Bob (Leonardo DiCaprio) and Perfidia (Teyana Taylor) are part of a revolutionary group. Bombs on banks and the power supply are fought against the capitalist system. In the event of raids, immigrants are also freed from camps on the American-Mexican border. In one of these actions, the paths of Perfidia and the US military general Steven Lockjaw (Sean Penn), who from then on become an obsessive pursuer of the group, cross-although his obsession even increases in sexual games with her power over the man. Even getting a child as a perfidia does not get calmer. While Bob is playing the housekeeper, she continues to fight for the revolution – until a bank robbery gets out of hand.
16 years later, Bob is a stoner who still prefers to look at the TV with a few joints, but is still much too tight to get involved in TV to get involved. With his daughter Willa (Chase Infiniti) he was submerged in a small town after the mother's arrest, which is also a safe port for many illegal immigrants. But that's exactly where the past catches up with. Lockjaw is about to fulfill his lifelong dream and to be included in a Nazi sect that steered the fate of the USA. He cannot afford that somewhere there may be proof that he had sex with a black man. In order to save Willa, Bob has to quickly become sober and grow beyond herself. Fortunately, the tough young woman has also known for 16 years that such a day could come …
Strong men, but an even stronger heroine!
Paul Thomas Anderson's last clever joke in this adventure full of volts is that at the end of “One Battle After Another” Tom Petty's classic classic “American Girl” heralded the credits.

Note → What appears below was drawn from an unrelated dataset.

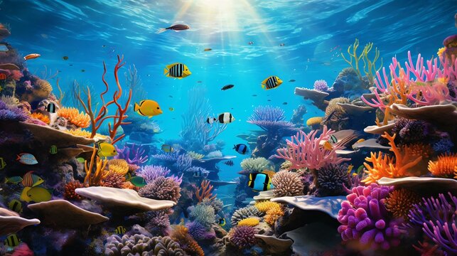Colorful exotic fish swimming in deep blue water aquarium with green tropical plants
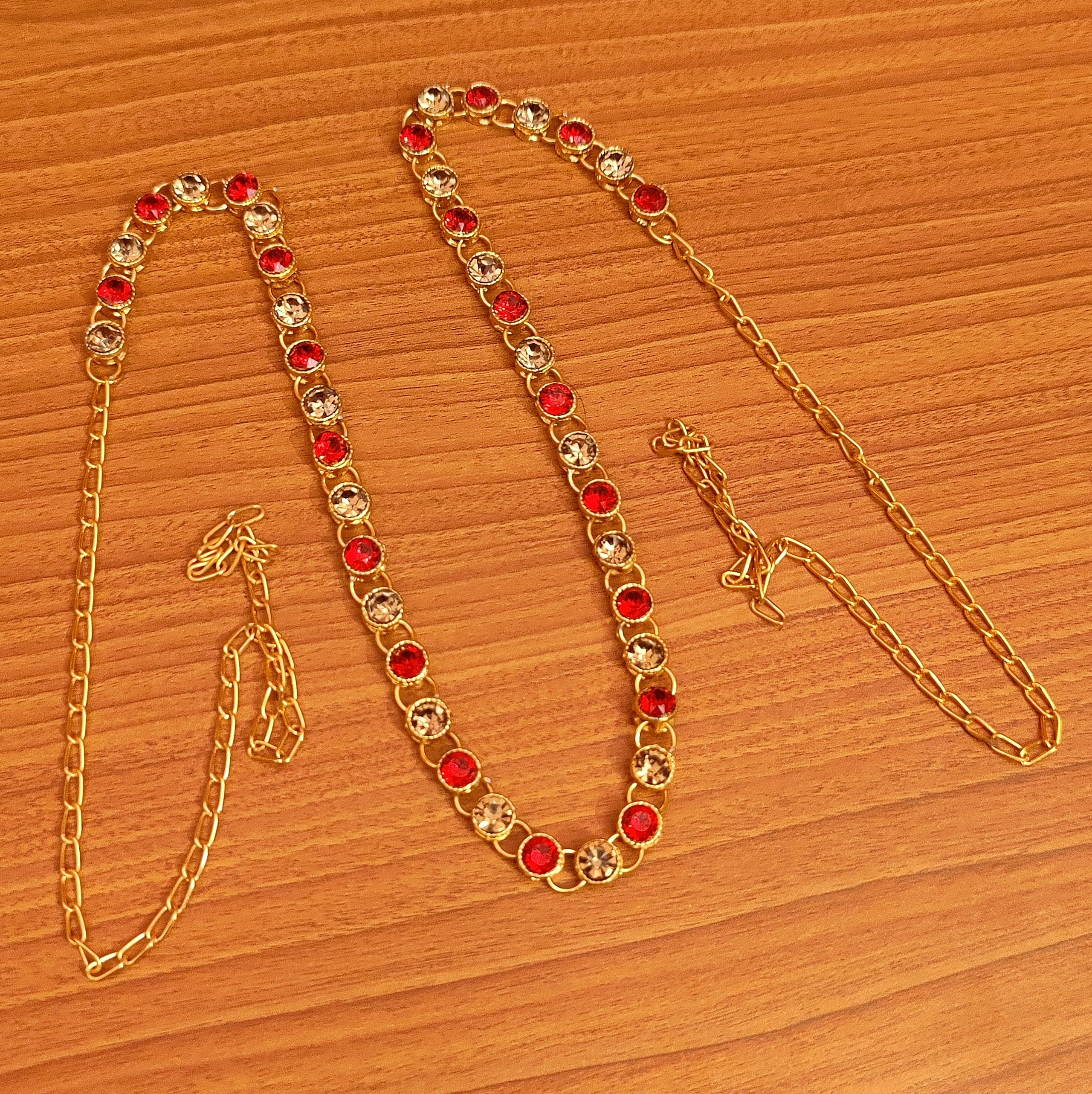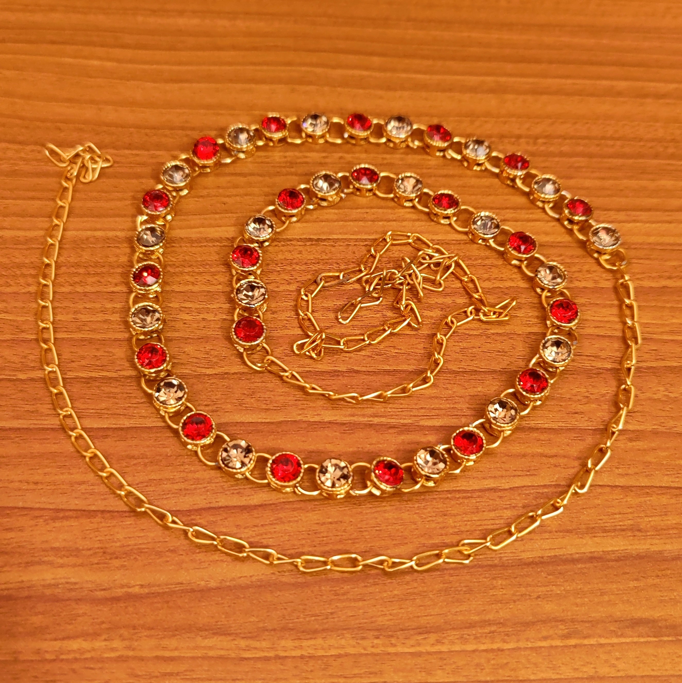 GOLD PLATED RED & YELLOW ZIRCON WAISTBELT

Because as much as the audience's attention has concentrated over long distances on the duel of the opposing men Bob and Lockjaw, it is actually the film by Willa. The young girl who breaks out of her small town – although not like in Petty's song because of her great dreams of life out there, but because she is forced to flee.
This culminates in one of the best action scenes of the year. Three cars ply with each other with a loud engine along a long desert road that consists of high heights and deep lowering. The camera is once on board, but mostly on the bumper so that we see the steadily lifting and lowering street. It is almost endless until it comes to a twist and we understand why Anderson has made us a passenger for so long. This captivating final is also a clever idea. Because in all its straightforwardness, in contrast to the film that is repeatedly decreasing, it stands in front of it.

“One Battle After Another” not only offers auto-action.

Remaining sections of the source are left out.